Slinging my bag over my shoulder, I thunder down the stairs making sure mum can hear me. She shuts herself away in her office most of the time, working, and we don’t talk a lot, not since Lily. She doesn’t want to talk about what happened and she doesn’t want me having any counselling, I guess because she is worried I’ll slip up and tell them what really happened. Wasn’t her fault, not exactly, Lily wouldn’t come down from the tree and mum tried to grab her to stop her climbing higher. She was only five and I was supposed to have been looking after her. I wasn’t going up that tree, no way. Maybe burying her in that log pile and then lying to the police wasn’t such a good idea, after all. Mum’s been funny with me ever since.

‘BYE, MUM.’

She doesn’t respond, so I jump off the last step and open the door to her little office at the front of the house. She doesn’t move from her desk, clicking away on the keyboard.

‘I’m going to school.’

She turns on her swivel chair. ‘OK, Mason, have a good day.’

‘Yeah.’ I force a smile.

I like being in the house, safe and comfortable, Mum leaving me alone most of the time to play my games and watch stupid clips on YouTube. She makes me dinner most nights, and sometimes we watch a movie together. She runs a lot, does yoga. Not sure if she’s got any friends, no one ever comes over. She had a boyfriend last year, but he was awful, weedy and quiet, and always sucked his teeth when he looked at me.

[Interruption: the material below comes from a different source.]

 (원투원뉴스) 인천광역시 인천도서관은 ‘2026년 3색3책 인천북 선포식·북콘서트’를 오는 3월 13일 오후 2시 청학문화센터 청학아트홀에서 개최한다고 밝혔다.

Outside feels unsettling, like there’s a monster about to pounce or a cyclone about to suck me into it. Might have something to do with Hendrix and his meathead mates who hang around on the corner waiting for me. I try to leave late to avoid them. It’s raining today, so I pull up the hood on my camo puffer coat and fix the popper so it doesn’t blow off. I take a breath and gear myself up for the fifteen-minute hell walk to the building of doom. Here I go!

The Other Killer

You can change your name. Change your life. But someone knows exactly who you are.

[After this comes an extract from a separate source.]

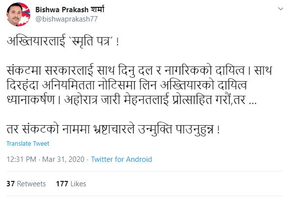 ‘अख्तियारलाई ‘स्मृति पत्र’ संकटमा सरकारलाई साथ दिनु दल र नागरिकको दायित्व । साथ दिरहँदा अनियमितता नोटिसमा लिन अख्तियारको दायित्व ध्यानाकर्षण । अहोरात्र जारी मेहनतलाई प्रोत्साहित गरौं, तर, संकटको नाममा भ्रष्टाचारले उन्मुक्ति पाउनुहुन्न’, सामाजिक सञ्जाल ट्विटरमा प्रवक्ता शर्माले लेखेका छन् ।
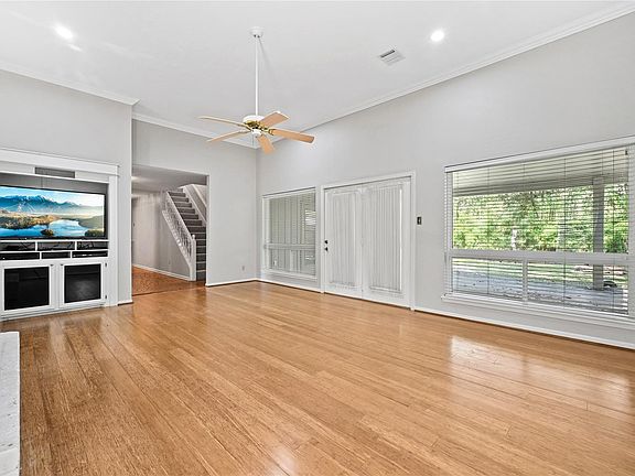 BEAUTIFUL CUSTOM HOME*DOUBLE PANE windows-no noise inside! NEW ROOF '25* FRESH  PAINT* NEW "Upgraded" Carpeting.. Crown Molding-HIGH CEILING in Gorgeous Living w/BAMBOO FLOORING-Gas Log Fireplace-Overlooks Large COVERED FLAGSTONE PORCH...Primary Bedroom Down-TV STAYS...Has a "Second" Flagstone Patio off Bedroom*FABULOUS UPDATED Primary Bath w/JACUZZI Tub*2 A/C's, 2 Heaters*NEW 199,000 BTU Tankless Hot Water heater '25*Island Kitchen w/GAS STOVETOP...New Oven...Microwave.. Instant Hot Water Dispenser for Kitchen sink...Under Counter lighting.. GRANITE Countertops* Newer Tile flooring.. UPstairs-3 Bedrooms & full Bath w/ONYX Countertop & ONYX tub surround*Small Office area Upstairs can be a GAMEROOM! Fully Landscaped w/Automatic SPRINKLER SYSTEM...Two Flagstone Patios*CONCRETE PAD behind the Garage (2nd Garage Door)-great for basketball or boat/trailer extension*No back neighbors* PRIVATE back yard-close to the dead end of the street-(not a culdesac)*IT"S QUIET INSIDE!!!

Twenty years ago, Mason Tucker was tried and convicted as the teenager who helped lure young boys to the serial killer known as the Pied Piper of Peasedale. After serving his twenty-year sentence, Mason is freed and hopes to remain invisible while he rebuilds his life as an adult, hoping to become a man he can be proud of. A new town, a new flat, a new job and a new purpose.

But living with secrets is challenging, and protecting his anonymity, the woman who stood beside him, and her child becomes impossible when the past pushes back. Hard. Within days of his release, Mason suspects he’s being stalked. He’s threatened and twice attacked. He never imagined being outside would be more dangerous than being in prison. The police aren’t an option. One headline will destroy him.

Someone wants him punished, not redeemed, and as danger closes in, you will never suspect where the next threat comes from.